Value proposition. The CCTV API’s content negotiation already serves a full HTML explorer when you click the card. The Intel Map is a full-viewport Leaflet experience that doesn’t make sense in a 400px iframe. Both are better as click-through destinations than cramped embeds.

The “Live Dashboards” group was removed entirely. The API cards link to their explorers. The stats show what matters at a glance. If you want the full experience, click through.

The Shell Gets Real

Pulse powered the console. It also fixed a lie.

The kub0.ai shell module — a terminal UI on the site — had a secret: every number was fake. PING showed random latency to fictional nodes. STATUS reported hardcoded strings. NETSTAT counted packets by multiplying seconds since the LLC founding date by 1,000. Uptime was days since July 17, 2020.
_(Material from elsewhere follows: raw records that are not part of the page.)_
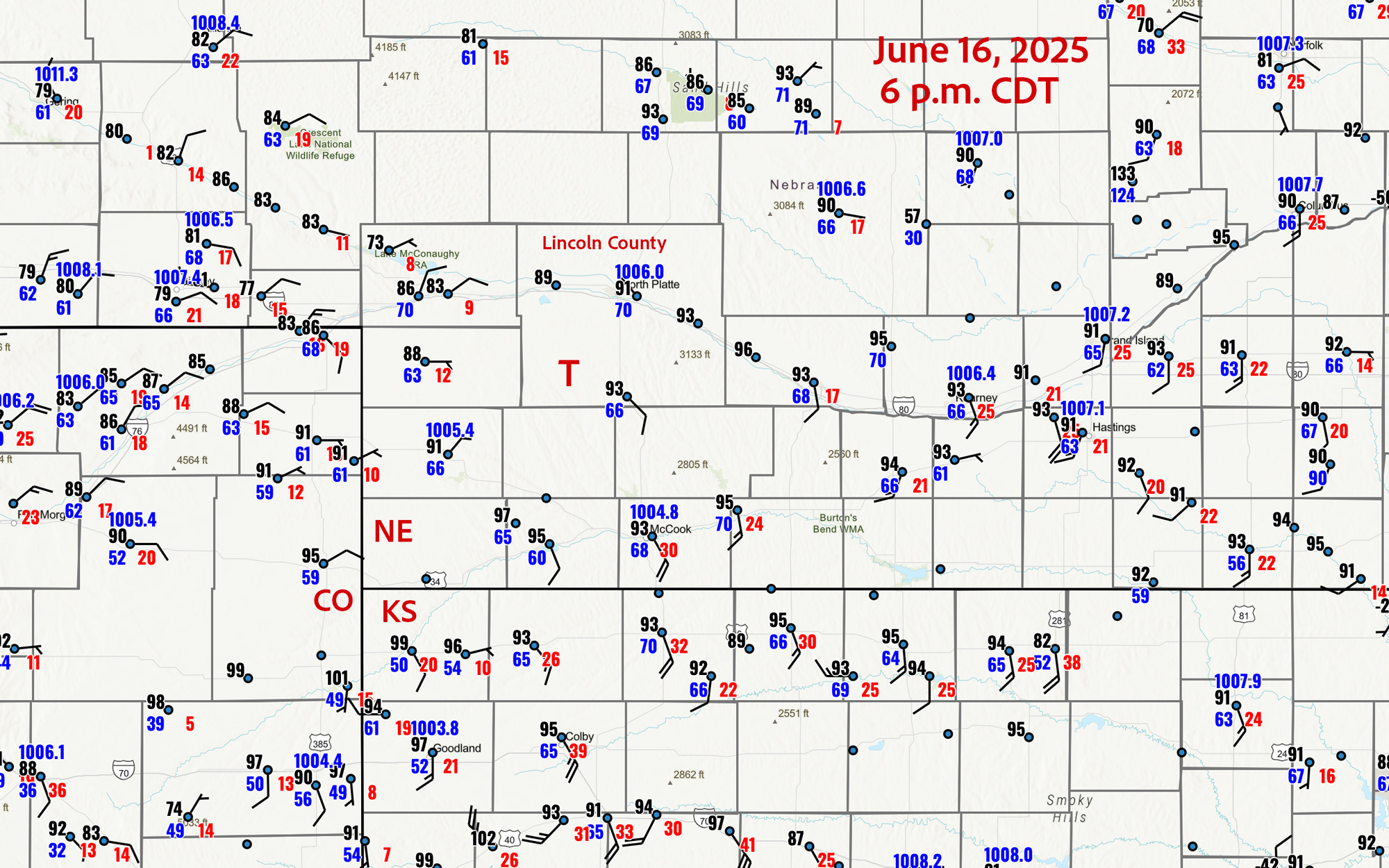 The surface observation plot above is for 6 p.m. CDT, just prior to the development of the storm near Wellfleet in southwestern Lincoln County (where the “T” is). The wind at North Platte has just switched to NW. It was calm the hour prior at North Platte, and was north at 10 knots at 7 p.m. The healthy and moist southeasterlies at McCook and Oberlin indicate the really good feed of high-octane air available to the Wellfleet storm. The supercell developed in an area of rather weak low pressure coincident with weak-to-moderate surface moisture convergence. Some weak convection was bubbling in extreme northwestern Kansas a little prior to 6 p.m. CDT and I was tempted to edge that way. That was in the hot air (99F at Saint Francis) and would have been very high-based, and would have had to move a county or two east or northeast to tap the really good low-level moisture.
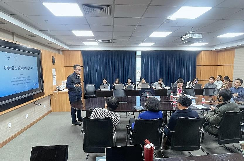 讲座中,聂德权教授基于自身在香港特区政府多年的工作经验,详细介绍了 香港特区政府政策制定和实施的重点内容,主要涉及香港特区政府的宪制秩序、 组织结构和公务员制度等方面,强调了“一国两制”是中国特色社会主义的伟大 创举,必须长期坚持。聂教授辨析了基本法框架下香港特区政府主要官员、政治委任官员和高级公务员之间的核心区别,并重点阐释了香港特区政府的政治委任制度和公务员制度。聂教授又以长者生活津贴为例, 从实践角度清晰呈现了香港特区政府社会福利政策制定的全过程,包括政策目标确立、政策工具选择、利益主体博弈、执行策略运行以及政策效果评估等多个关键环节。聂教授在总结中指出,香港和内地需要增进相互理解和认识,两地官方和民间的有效沟通是维护“一 国两制”长期稳定发展的重要保障,而跨区域的科技和学术交流则将推动粤港澳大湾区经济社会的加速发展。
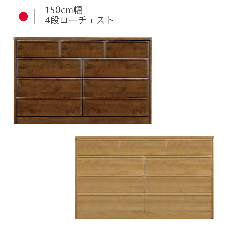 ローチェスト 幅150cm チェスト 4段 完成品 収納 北欧 おしゃれ 木製 150 タンス 洋服 たんす 木製チェスト 木製収納 国産 大川家具 アルダー 箱組
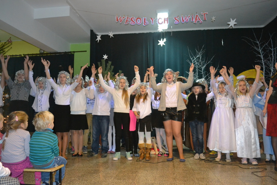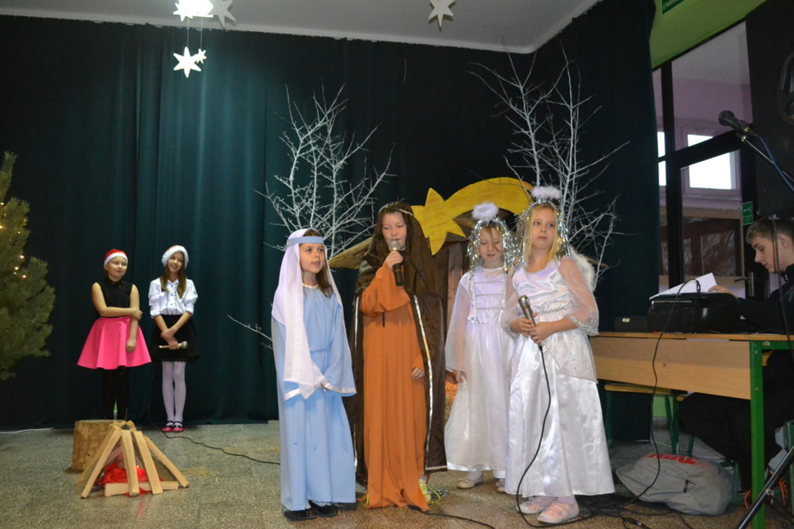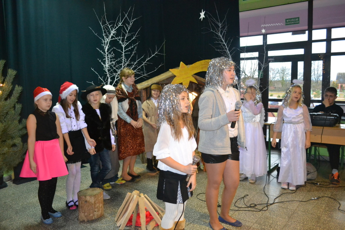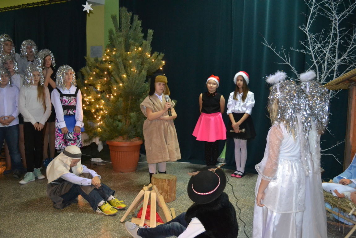 Dzisiejszego dnia w świąteczny nastrój wprowadzili nas uczniowie ze Szkoły Podstawowej, którzy pod kierunkiem pani Aleksandry Jeziorowskiej i pani Marzeny Łapy przygotowali Jasełka wigilijne przypominające nam istotę Świąt Bożego Narodzenia. Po występie pan dyrektor Krzysztof Wojtysiak życzył wszystkim uczniom i ich rodzicom rodzinnych, spokojnych i radosnych Świąt. Na koniec wręczone zostały gimnazjalistom nagrody za konkurs na „Najpiękniejszy list do św. Mikołaja”. W tym świątecznym i radosnym nastroju uczniowie spotkali się następnie ze swoimi wychowawcami obchodząc zgodnie z tradycją Wigilie w swoich klasach.
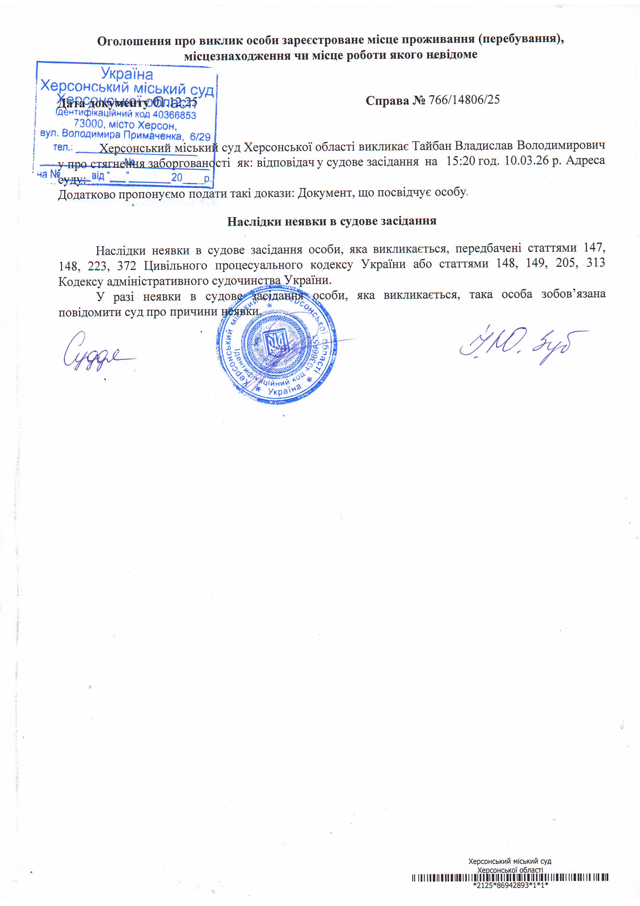 ОГОЛОШЕННЯ ПРО ВИКЛИК ДО СУДУ
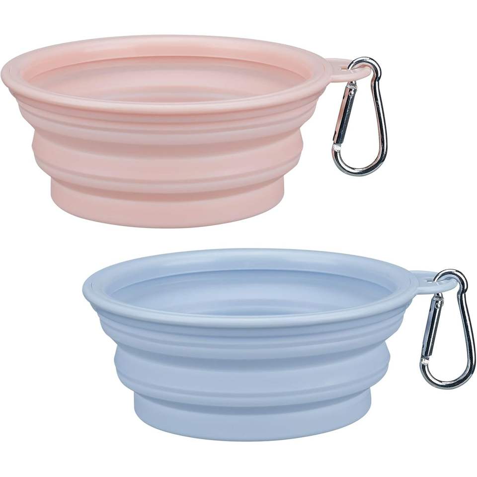 Portable 2-Pack Collapsible Leak Proof Dog Bowls 12oz Silicone Travel Pet Water Bottles 350ml Capacity for Cats
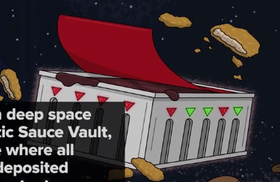 Some of the sauces kept there are: McD Salad Cream, McD Szechuan and McD Spicy Buffalo. The space station is surrounded by what appears to be chicken nuggets.
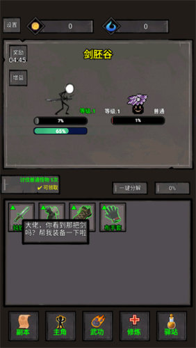 4、击败敌人后,怪物有机会掉落装备,记得查看并装备上更强的武器和防具,让火柴人更强大。
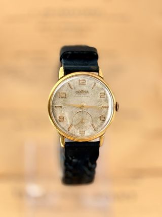 reloj de pulsera vintage Dogma Prima para hombre, fabricado en Suiza en los años 1950-1960. Este modelo clásico combina elegancia retro y fiabilidad mecánica. Características principales: • Marca / Modelo: Dogma Prima • Origen: Fabricado en Suiza (Swiss Made) • Época: Años 1950-1960 • Movimiento: Mecánico de cuerda manual, con inscripción “Ancre 15 Rubíes” en la esfera, garantizando precisión y durabilidad • Caja: Redonda, chapado en oro de 10 micras, fondo de acero inoxidable atornillado para mayor resistencia • Diámetro: ~37 mm • Esfera: Acabado texturizado tipo sol (sunburst), números arábigos e índices aplicados, pequeñ

It looked convincing. It meant nothing.

BeforeAfter
UPLINK_UPTIME: 4Y 216D (LLC founding)CLUSTER_UPTIME: 13D 0H (oldest node)
ACTIVE_SENSORS: 03 (hardcoded)ACTIVE_NODES: 18/18 NODES (real)
ENCRYPTION_LEVEL: AES-256 (hardcoded)RUNNING_PODS: 186 PODS (real)

The shell now fetches from pulse-api on load and every 30 seconds after. PING shows real TCP latency, color-coded green/yellow/red. STATUS prints the actual K3s version, node count, uptime, and per-region breakdown. The fake data generators — updateLatency(), the founding-date uptime math, the random jitter intervals — all deleted.

One rule: if the API is unreachable, every cluster command prints CLUSTER_UNREACHABLE. No fake fallback. No invented numbers. If the data isn’t real, you see nothing.


From antenna to terminal: radio waves hit SDR dongles in three countries, aircraft data flows through the ADS-B pipeline, 4,158 cameras archive to SeaweedFS, and the cluster’s own vitals — 18 nodes, 186 pods, 12 namespaces, three regions — pulse through the same tunnel to the same terminal.

The body has a face now. The numbers are real. And for the first time, it knows whether its own limbs are responding.

That’s a different kind of knowing.

This post is licensed under CC BY 4.0 by the author.